Baixo, faltam-lhe alguns centímetros para o metro e sessenta, e isso, sempre
foi um pesadelo para ele. Porque apesar do rosto perfeito, ele sempre estivera
abaixo da média em altura. Desde a escola, onde os outros meninos, lhe
chamavam, anão, ou meia-leca. Ou mesmo quando rejeitavam a sua presença nos
jogos do recreio. As crianças podem ser extremamente cruéis sem se darem conta,
nem deixarem cair o sorriso.
Bruno foi crescendo sentindo-se rejeitado por uma
sociedade que avalia os homens em centímetros e não pelo carácter. Aos 16 anos apaixonou-se por uma colega de escola. Levou todo um período a ensaiar as
palavras para se declarar. E ela riu-se dele. Desde esse dia a revolta
instalou-se-lhe no peito, e como erva daninha foi devorando tudo de bom que
havia nele.
Aos 19 anos abandonou os estudos. Era bom aluno mas
perdera todo o interesse pelos estudos. Foi considerado inapto para a tropa.
Por essa altura o irmão mais velho casou-se e foi viver para os arredores. Pouco depois o pai
emigrou para a França. Era um bom carpinteiro, arranjara um contrato muito atractivo, e
seria a hipótese de conseguir ganhar um bom dinheiro e construir a casinha com
que sonhava, já que o terreno lhe deixara um tio em testamento.
Sem o pai e o irmão mais velho, Bruno sentiu-se amputado de parte de si mesmo. Como se precisasse de bengalas
para caminhar, e de repente lhas roubassem.

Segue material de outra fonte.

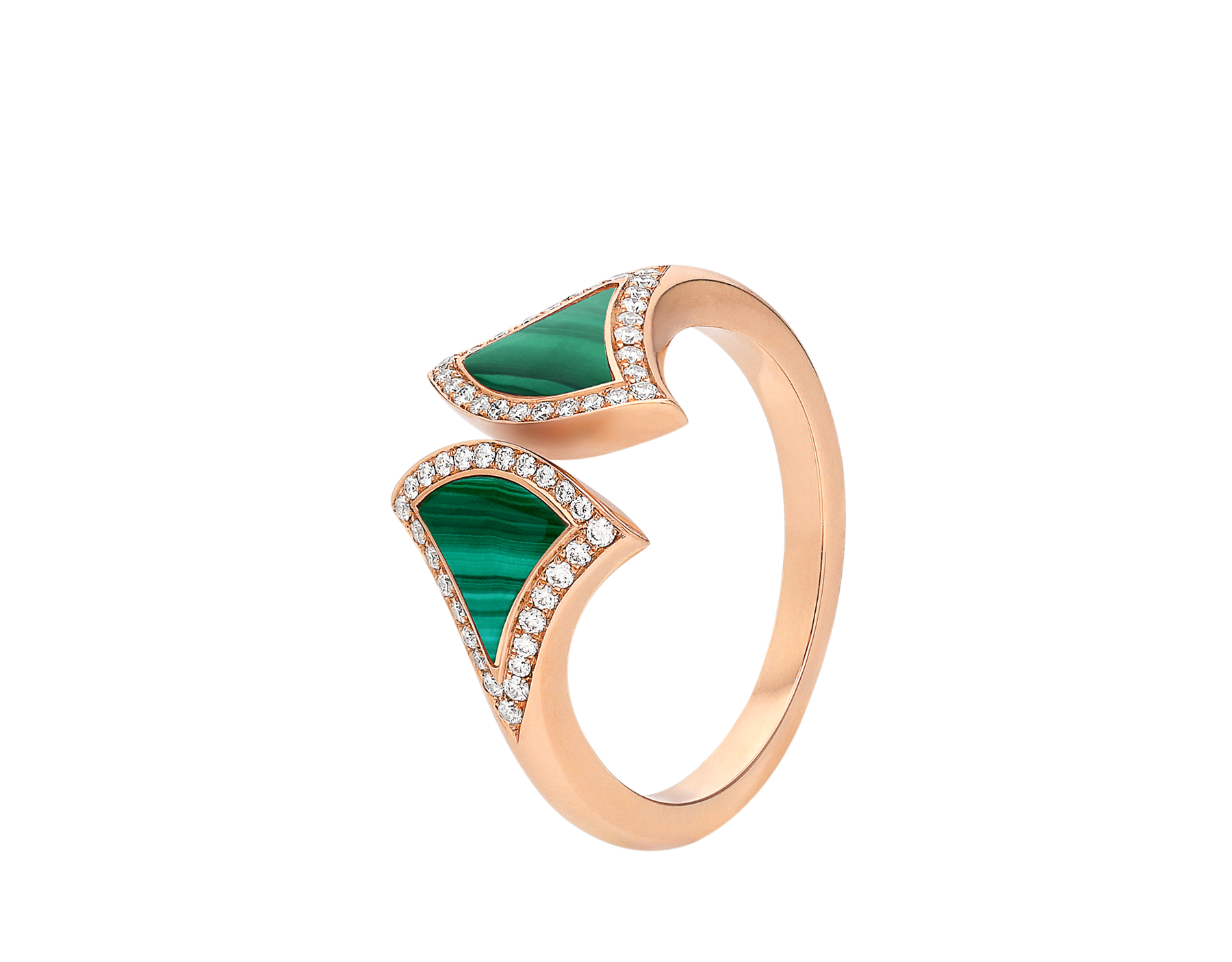 繊細な雰囲気を高めるマザー オブ パールとカリスマ性のあるマラカイトの2種類で展開する2022年の新作は、18Kのピンクゴールドにパヴェダイヤモンドをあしらい、オープンワークの扇型のモチーフが彩る洗練されたネックレス、魅力的なリング、万能なスタッドイヤリング、優美なブレスレットが揃います。

Ia de casa para o trabalho e do trabalho para casa.. Não falava com
ninguém, a não ser no trabalho nos assuntos que precisava tratar com os
colegas. Não gostava de ler. Os livros retratavam personagens completamente
opostos ao que ele era. Os filmes a mesma coisa. Odiava futebol, porque lhe recordava a exclusão que sofrera por parte dos colegas em criança.
Dia após dia, Bruno caía no poço sem fundo da depressão.
A mãe, era boa pessoa, mas não entendia o que se passava com ele.
Às vezes dizia-lhe para sair, se divertir, que parecia um velho. Bruno encolhia os
ombros e não respondia.
Uns meses atrás o pai terminara o contrato de trabalho em
França e regressara cheio de planos para a tal casinha.
Estranhara ver o filho tão macambúzio, mas pensara. ”É
muito jovem, tem a vida pela frente, aquilo passa-lhe.” Ainda assim disse-lhe:
-Ó rapaz vê lá se arranjas uma namorada. Olha que na tua idade eu já era vosso pai.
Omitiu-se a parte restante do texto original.